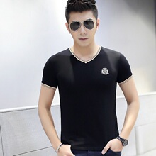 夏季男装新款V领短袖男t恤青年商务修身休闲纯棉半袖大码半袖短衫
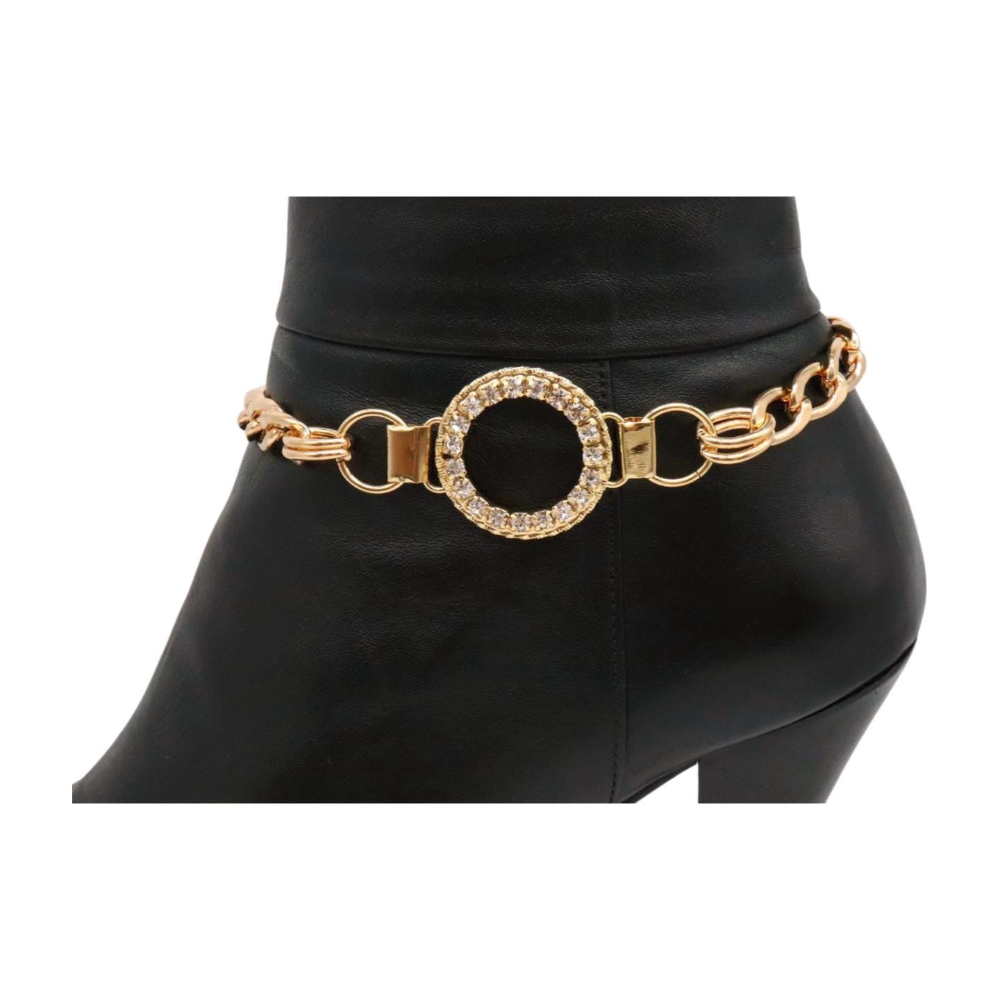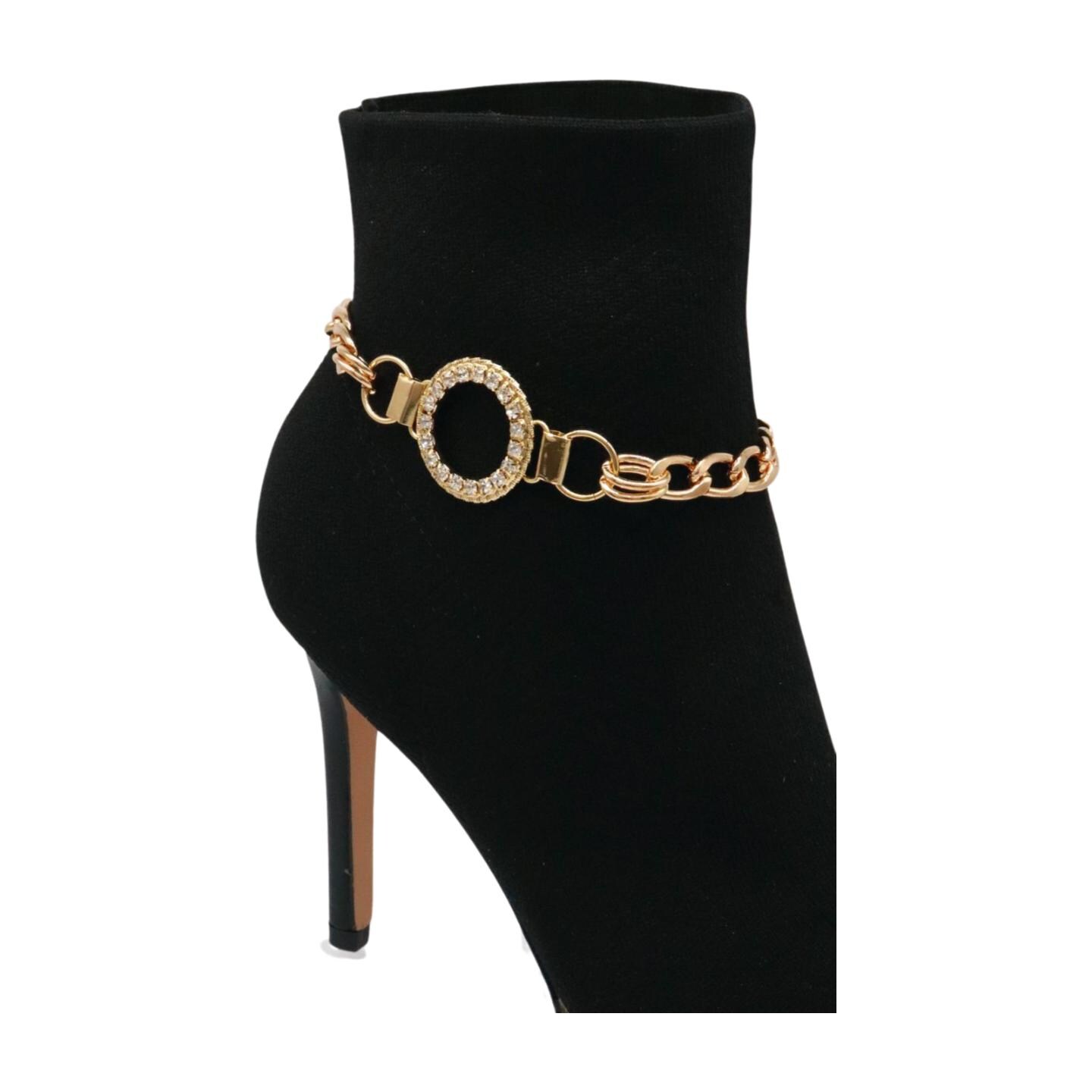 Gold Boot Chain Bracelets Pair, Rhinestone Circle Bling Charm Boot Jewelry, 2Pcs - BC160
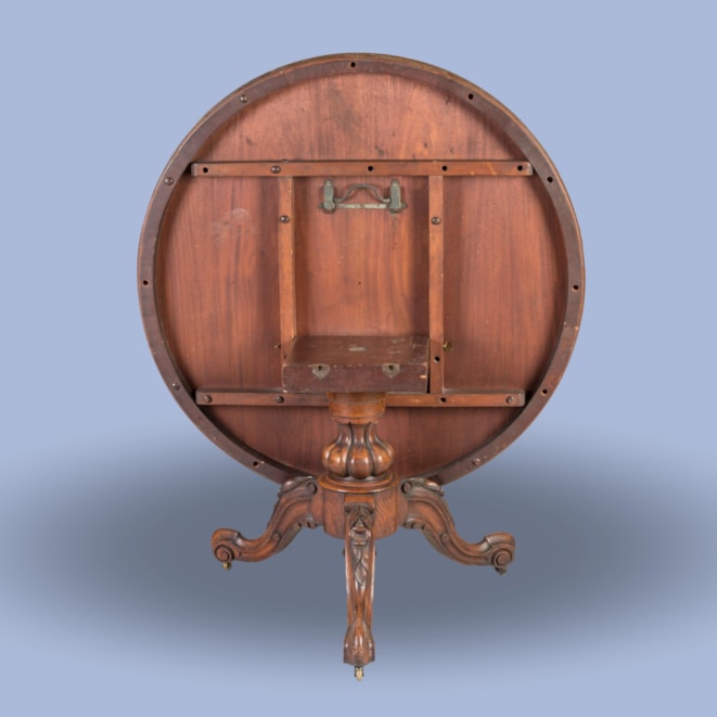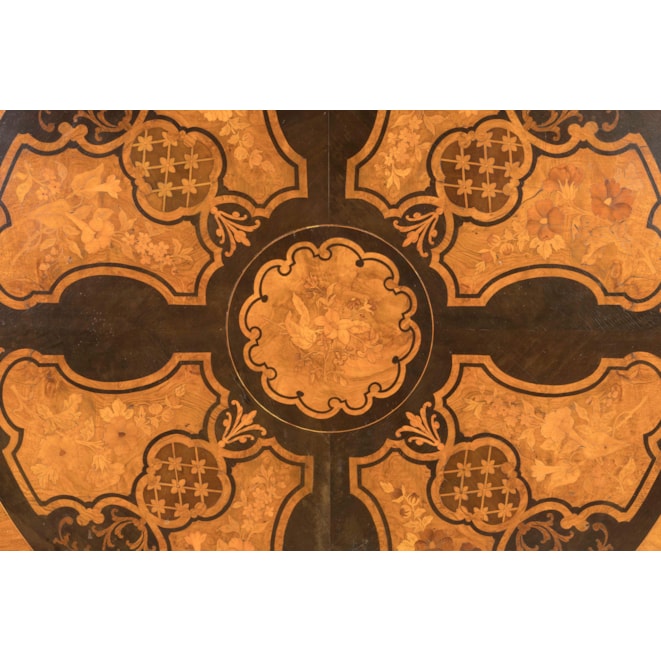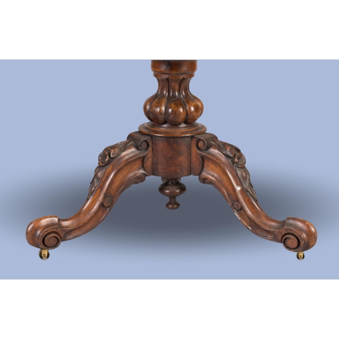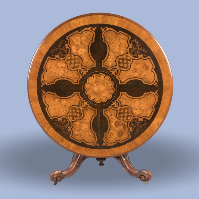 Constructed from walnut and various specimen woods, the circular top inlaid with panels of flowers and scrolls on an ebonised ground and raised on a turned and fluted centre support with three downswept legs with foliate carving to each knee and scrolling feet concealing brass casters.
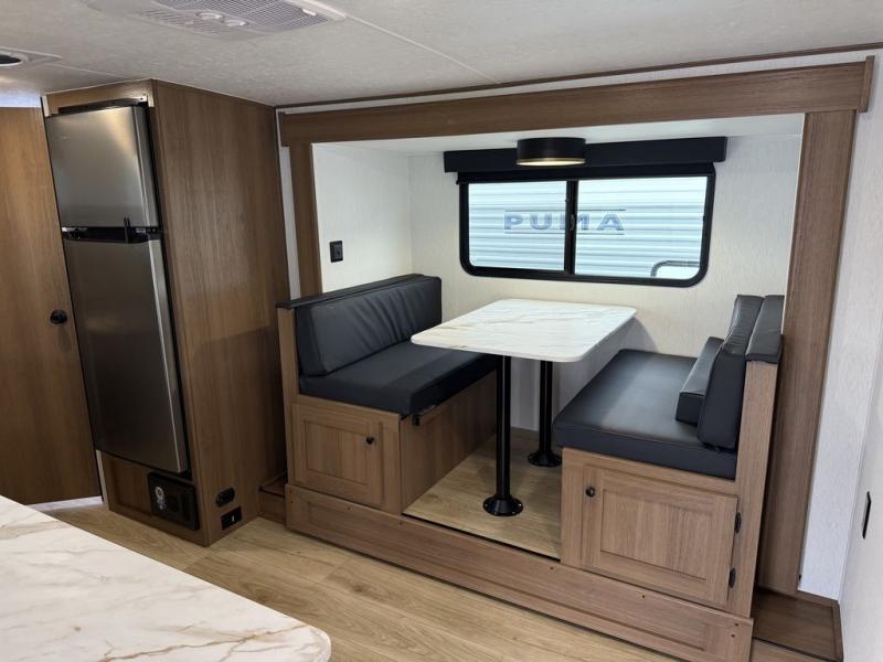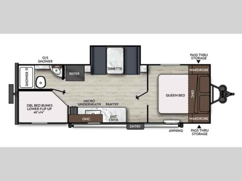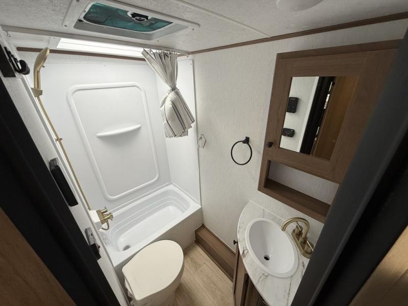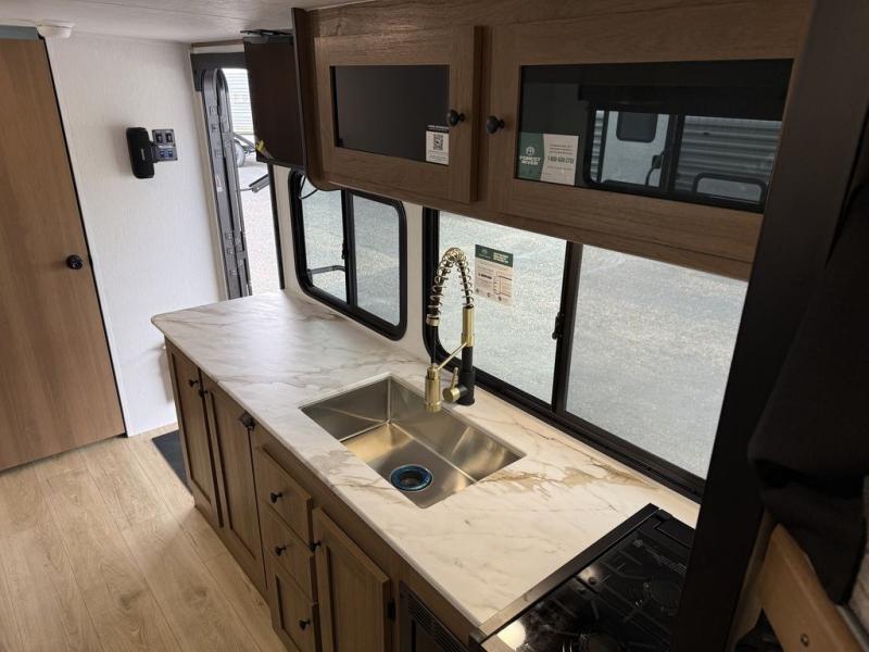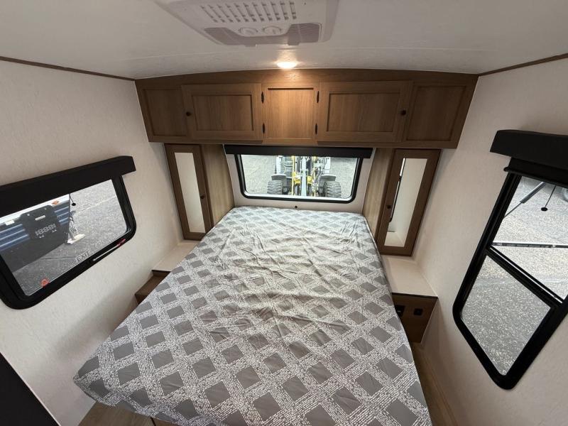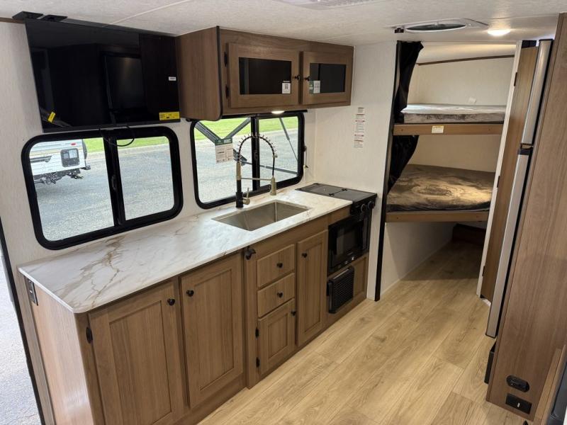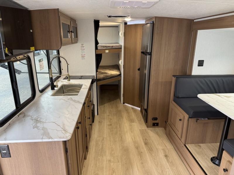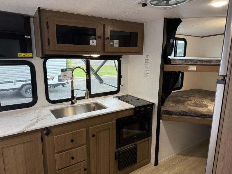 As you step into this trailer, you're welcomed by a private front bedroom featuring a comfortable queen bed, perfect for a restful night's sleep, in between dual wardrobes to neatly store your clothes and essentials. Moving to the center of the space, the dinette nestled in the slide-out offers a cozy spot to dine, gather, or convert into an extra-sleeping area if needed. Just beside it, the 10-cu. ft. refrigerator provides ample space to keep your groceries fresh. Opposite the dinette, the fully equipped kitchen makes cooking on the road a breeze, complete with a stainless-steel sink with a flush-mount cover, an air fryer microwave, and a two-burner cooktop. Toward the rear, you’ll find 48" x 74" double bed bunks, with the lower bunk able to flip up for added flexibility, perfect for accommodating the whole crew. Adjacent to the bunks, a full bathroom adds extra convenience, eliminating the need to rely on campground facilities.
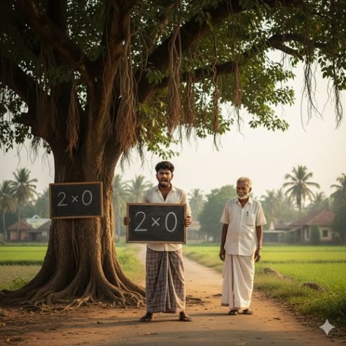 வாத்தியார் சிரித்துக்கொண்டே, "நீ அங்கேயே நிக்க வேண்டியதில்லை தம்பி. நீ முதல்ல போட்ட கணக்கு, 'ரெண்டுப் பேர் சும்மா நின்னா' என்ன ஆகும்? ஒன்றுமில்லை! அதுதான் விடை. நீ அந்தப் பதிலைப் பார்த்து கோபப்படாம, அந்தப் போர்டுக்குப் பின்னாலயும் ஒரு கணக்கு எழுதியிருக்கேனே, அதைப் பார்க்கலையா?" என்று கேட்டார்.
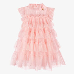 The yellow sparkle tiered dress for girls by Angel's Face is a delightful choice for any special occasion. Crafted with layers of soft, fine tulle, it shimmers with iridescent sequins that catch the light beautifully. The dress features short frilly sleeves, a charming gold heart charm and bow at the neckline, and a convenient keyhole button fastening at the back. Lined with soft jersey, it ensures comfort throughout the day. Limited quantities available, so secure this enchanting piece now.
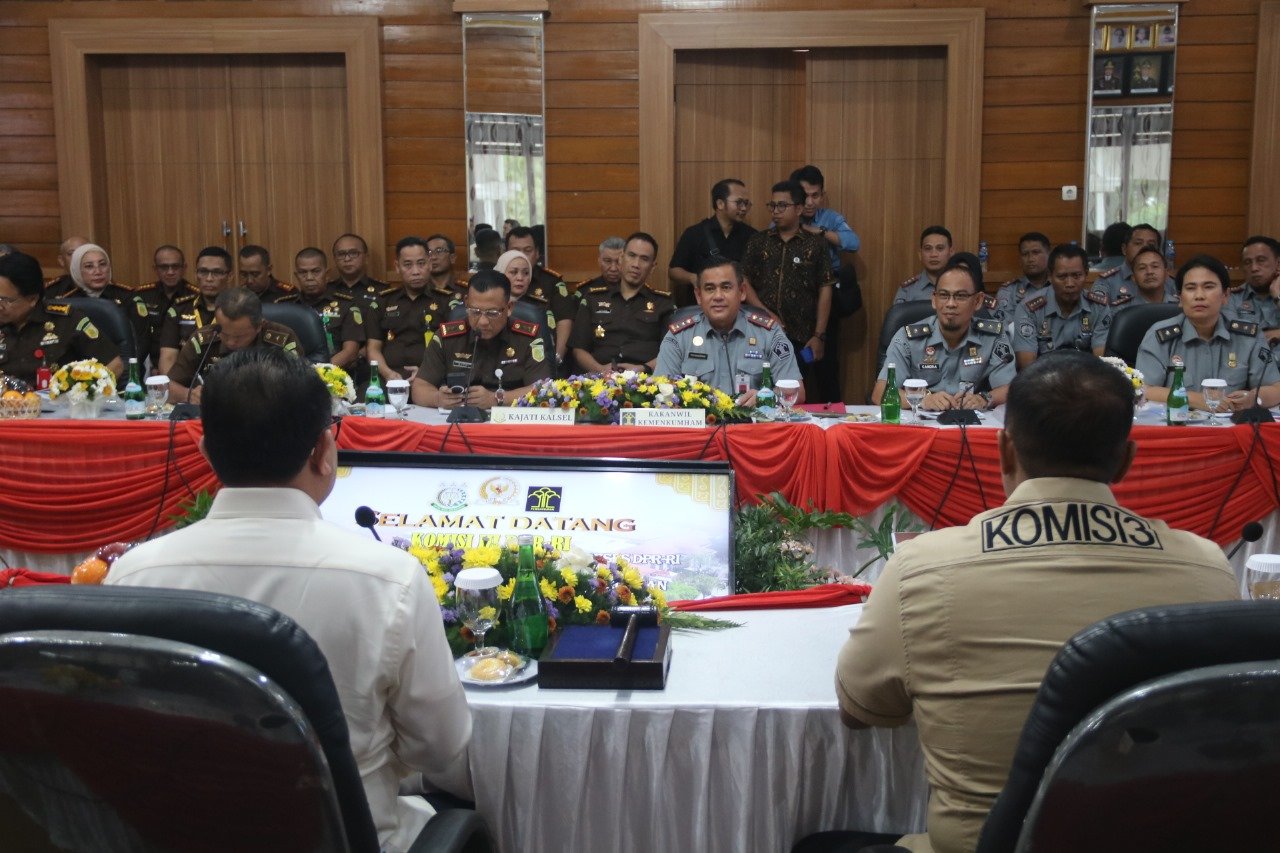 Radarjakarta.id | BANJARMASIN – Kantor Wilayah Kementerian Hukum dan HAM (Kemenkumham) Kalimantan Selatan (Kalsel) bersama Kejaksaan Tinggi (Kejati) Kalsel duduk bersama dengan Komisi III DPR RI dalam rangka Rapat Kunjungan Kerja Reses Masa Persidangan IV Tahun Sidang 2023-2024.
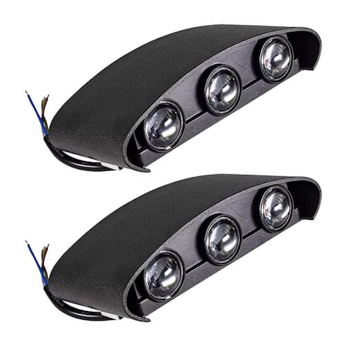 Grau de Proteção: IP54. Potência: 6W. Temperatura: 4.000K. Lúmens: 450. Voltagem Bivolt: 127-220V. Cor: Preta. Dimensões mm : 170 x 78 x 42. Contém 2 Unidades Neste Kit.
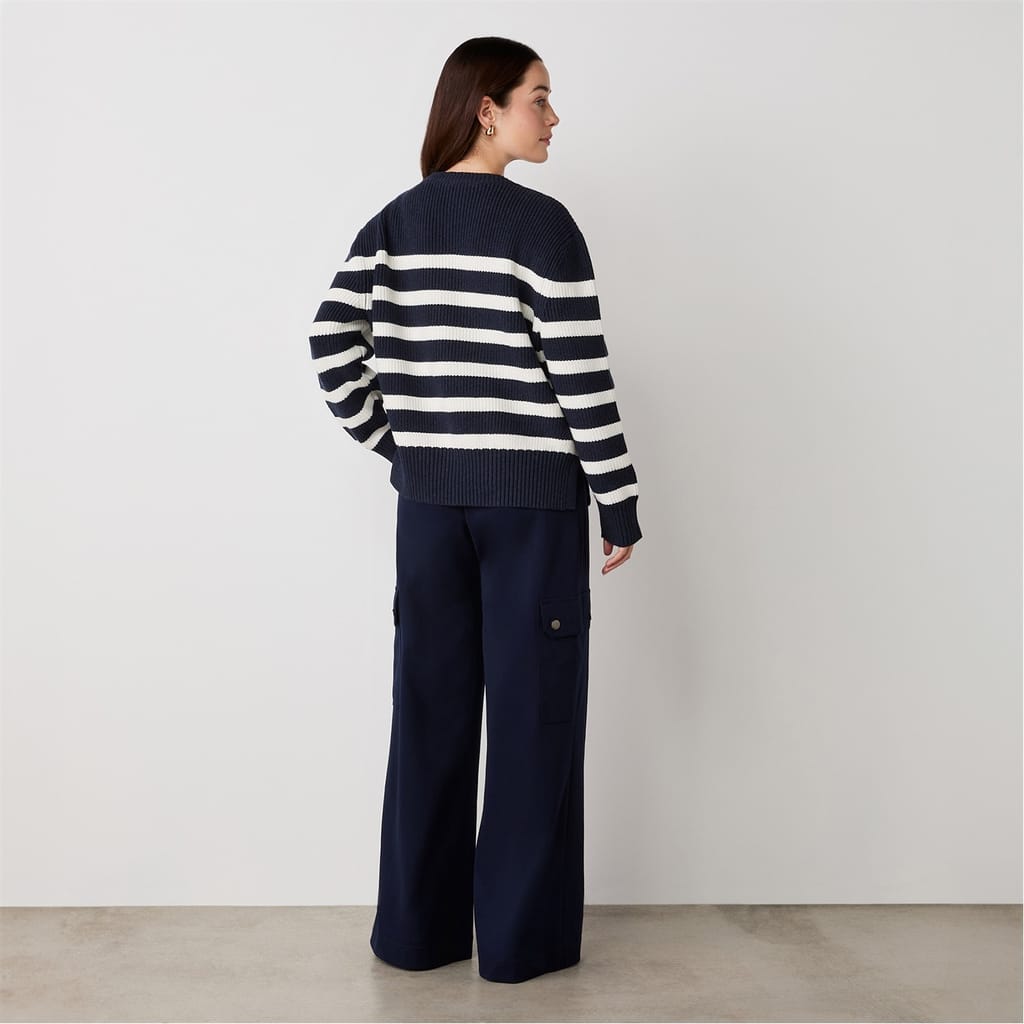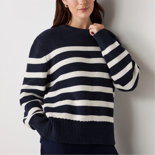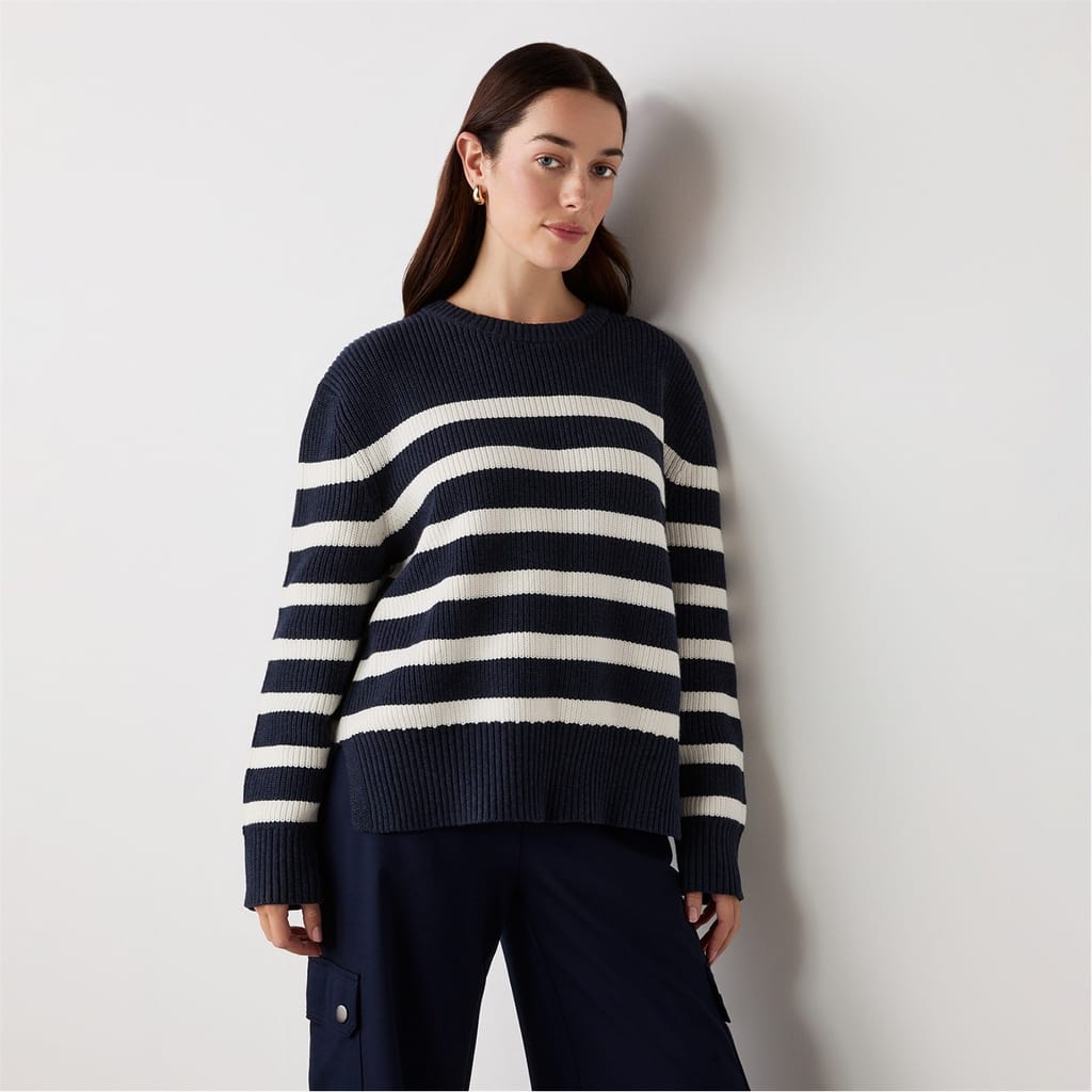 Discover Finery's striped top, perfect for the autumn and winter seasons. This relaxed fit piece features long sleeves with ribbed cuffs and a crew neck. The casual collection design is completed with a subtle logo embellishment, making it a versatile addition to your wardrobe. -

Task to complete →
Copy back exactly the lines above from the one containing "Gold Boot Chain" through the one containing "Constructed from walnut", and leave every picture behind.

Exercise solution →
 Gold Boot Chain Bracelets Pair, Rhinestone Circle Bling Charm Boot Jewelry, 2Pcs - BC160
 Constructed from walnut and various specimen woods, the circular top inlaid with panels of flowers and scrolls on an ebonised ground and raised on a turned and fluted centre support with three downswept legs with foliate carving to each knee and scrolling feet concealing brass casters.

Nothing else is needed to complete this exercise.